# [TO DO]
In the records below, find the line containing "O Conjunto de" and transcribe it and every line after it exactly; leave the pictures out.

START LISTED ENTRIES

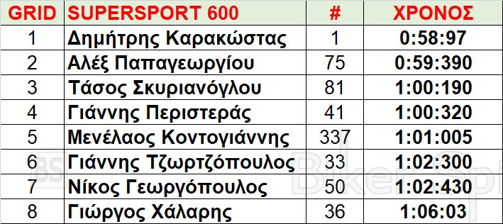 Ο Δημήτρης Καρακώστας συνεχίζει την φοβερή του πορεία και κερδίζει και την δεύτερη διπλή pole position στην κατηγορία Supersport, με χρόνο 0:58.97, μπροστά από τον Αλέξ Παπαγεωργίου που έγραψε χρόνο 59.390.
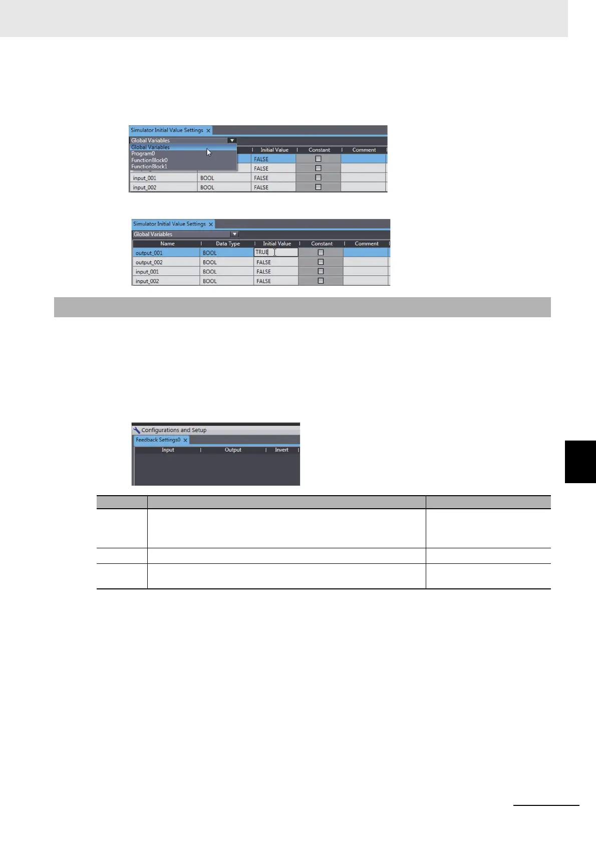1 Select Feedback Setting from the Simulation Menu.
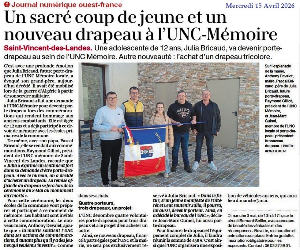 Un sacré coup de jeune et un nouveau drapeau à l’UNC-Mémoire - Ouest-France 15 avril 2026
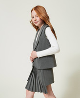 Girls’ short skirt made from technical flannel with sunray pleated side panel. Regular waist, concealed side zip, metal Oval T logo plate at the back, lining, asymmetric with slight A line.
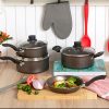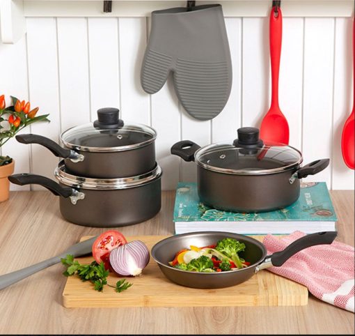 O Conjunto de Panelas Antiaderente possui tampa de vidro temperado de alta resistência com saída de vapor e alças anatômicas facilitando o manuseio.
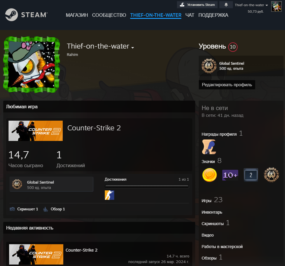Дата создания 04.2023 г.Уровень Steam 10
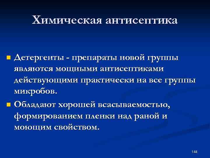 Химическая антисептика Детергенты - препараты новой группы являются мощными антисептиками действующими практически на все группы микробов. n Обладают хорошей всасываемостью, формированием пленки над раной и моющим свойством. n 144
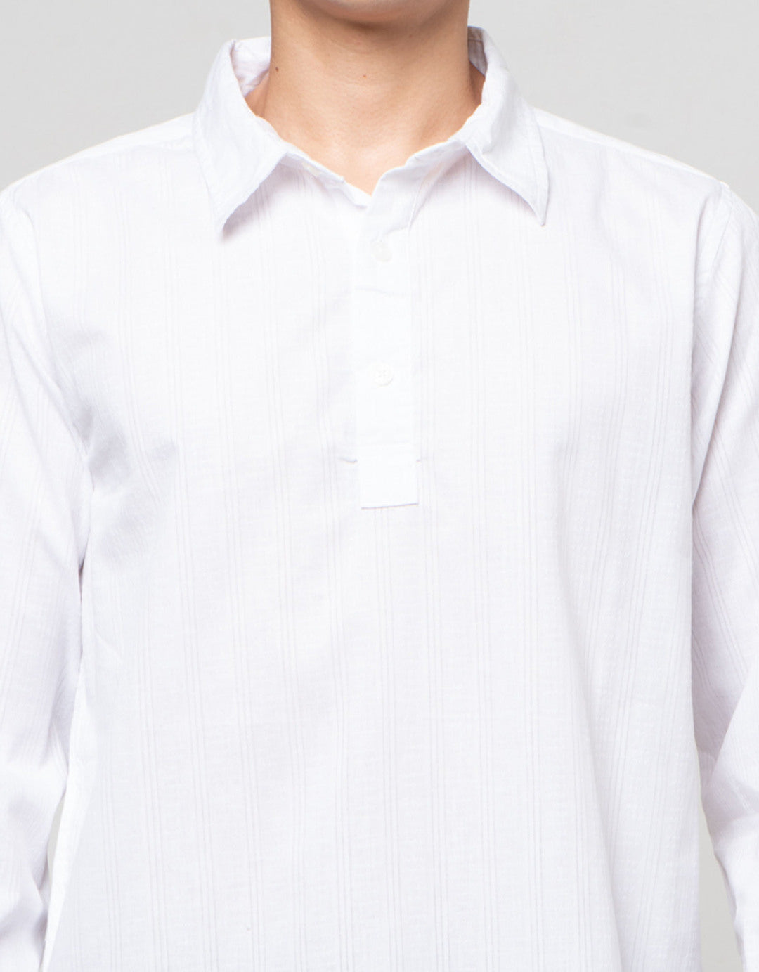 - Detail kancing depan, kerah, lengan panjang
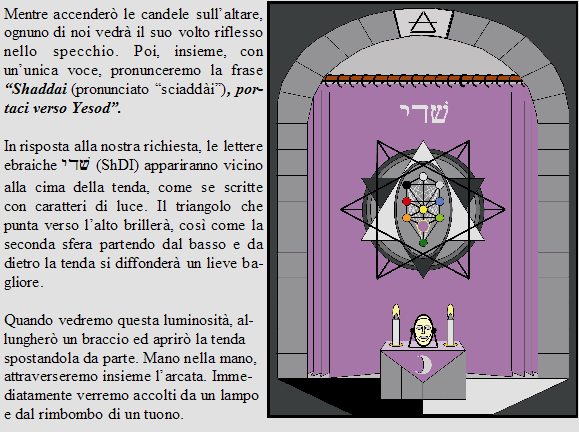 Al momento appropriato, attirerò di nuovo la vostra attenzione e poi lasceremo le mani che stiamo tenendo. Dirigerò quindi ognuno (individualmente, uno per volta) verso il centro stesso del Tempio di Yesod e vi chiederò di pronunciare ad alta voce il vostro nome [N.B. questo succederà individualmente e simultaneamente per ognuno di voi, così non dovrete visualizzare voi stessi mentre fare la coda, aspettate il vostro turno, ecc. ecc. ]
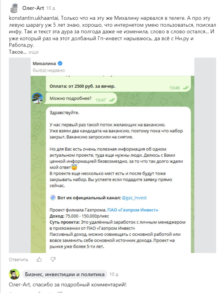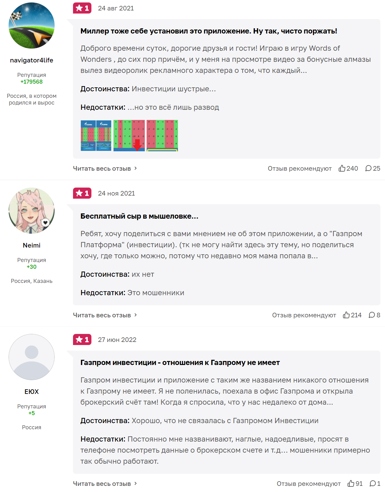 • множество негативных реальных отзывов о платформе Газпром инвест и заработке в Телеграм;

END LISTED ENTRIES

# [COMPLETED EXERCISE]
 O Conjunto de Panelas Antiaderente possui tampa de vidro temperado de alta resistência com saída de vapor e alças anatômicas facilitando o manuseio.
Дата создания 04.2023 г.Уровень Steam 10
 Химическая антисептика Детергенты - препараты новой группы являются мощными антисептиками действующими практически на все группы микробов. n Обладают хорошей всасываемостью, формированием пленки над раной и моющим свойством. n 144
 - Detail kancing depan, kerah, lengan panjang
 Al momento appropriato, attirerò di nuovo la vostra attenzione e poi lasceremo le mani che stiamo tenendo. Dirigerò quindi ognuno (individualmente, uno per volta) verso il centro stesso del Tempio di Yesod e vi chiederò di pronunciare ad alta voce il vostro nome [N.B. questo succederà individualmente e simultaneamente per ognuno di voi, così non dovrete visualizzare voi stessi mentre fare la coda, aspettate il vostro turno, ecc. ecc. ]
 • множество негативных реальных отзывов о платформе Газпром инвест и заработке в Телеграм;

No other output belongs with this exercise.